Out of disk space: The GPU image is large (~10 GB). Clean old images:
```
docker system prune -a
```
pip install fails inside container: Network issues or missing system packages. The Dockerfiles install the required system libraries (libgl1-mesa-glx, libglib2.0-0, etc.). If you modified the Dockerfile and see ImportError: libGL.so.1, add:
```
RUN apt-get update && apt-get install -y libgl1-mesa-glx
```
CPU Dockerfile (Dockerfile.cpu) installs CPU-only PyTorch from https://download.pytorch.org/whl/cpu. If you need GPU support, use the main Dockerfile instead.
Permission errors with mounted volumes: The container runs as root by default.
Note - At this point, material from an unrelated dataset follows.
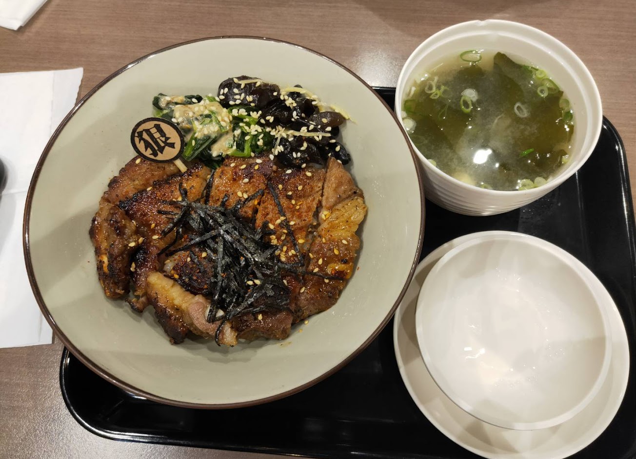 牛肉丼,骰子牛都不錯,加泡菜會更好吃,炸豆腐必點,炸豬排就稍弱了,味噌湯有水準。

If you mount host directories, ensure the directories exist and are writable:
```
mkdir -p data checkpoints
docker compose up app
```

Sphinx documentation build fails

Missing dependencies: Install the docs requirements:
```
pip install -r docs/requirements.txt
```
Required packages: sphinx>=7.0, furo, myst-parser, sphinx-autodoc-typehints, sphinx-copybutton.
MyST markdown parse errors: The docs use MyST-flavored markdown. Common issues:
Directive syntax uses {toctree} not :toctree: in code fences.
Heading levels must not skip (e.g., going from # to ### without ## in between).
Indentation inside directives must be consistent.
autodoc import errors: Sphinx tries to import landmarkdiff to generate API docs. Install the package first:
```
pip install -e .
sphinx-build -b html docs/ docs/_build/html
```

Build locally with Make or Docker:

# Make
make docs

# Docker compose
docker compose run docs

The HTML output goes to docs/_build/html/.